Début 2012, l'arrivée d'une troisième étoile aux Flocons de sel n'a fait que confirmer le talent du chef et la cohérence de sa brigade. "Nous n'avons pas droit à l'erreur", explique Nadine Vincent. Exigence et constance dans le travail sont de rigueur. Quant à la transmission des savoirs et du savoir-faire, "il faut prendre le temps de dialoguer et échanger avec les jeunes recrues", confie-t-elle.
Parallèlement à la pluie d'étoiles qui s'est abattue sur les Flocons de sel, Nadine Vincent a fondé une famille. Mère d'un garçon de 3 ans et d'une petite fille de quelques mois seulement, elle doit gérer sa vie professionnelle et sa vie personnelle. "C'est parfois compliqué. Surtout que je n'ai pas de famille sur place pour m'aider." Toutefois, depuis qu'Emmanuel Renaut a embauché un deuxième second, "[s]on emploi du temps est moins contraignant." Nadine Vincent travaille le matin, à l'heure du déjeuner, aide à la mise en place du soir, mais n'assure plus le service du dîner que de façon exceptionnelle.
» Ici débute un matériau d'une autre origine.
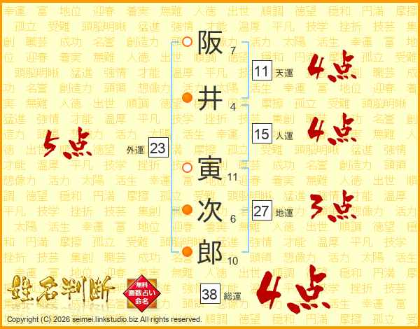 阪井寅次郎さんの総運は38画の4点!

À 30 ans, elle a trouvé son équilibre. L'Anjou lui manque un peu, mais elle fait avec. "Nous avons eu l'opportunité de racheter La Toque blanche. Mais l'investissement demandé était trop lourd pour nous. Nous y avons renoncé. Nos repères sont désormais à Megève." Malgré cela, elle retourne régulièrement déjeuner chez Gilles Klein. Car l'une des distractions favorites de Nadine Vincent, pendant ses vacances, consiste à s'offrir un bon restaurant. Pour ses 30 ans, elle a déjeuné chez Régis Marcon à Saint-Bonnet-le-Froid (43). Et le 8 mai dernier, elle confie être allé "chez Michel Bras à Laguiole". C'est cela aussi être une femme de goûts.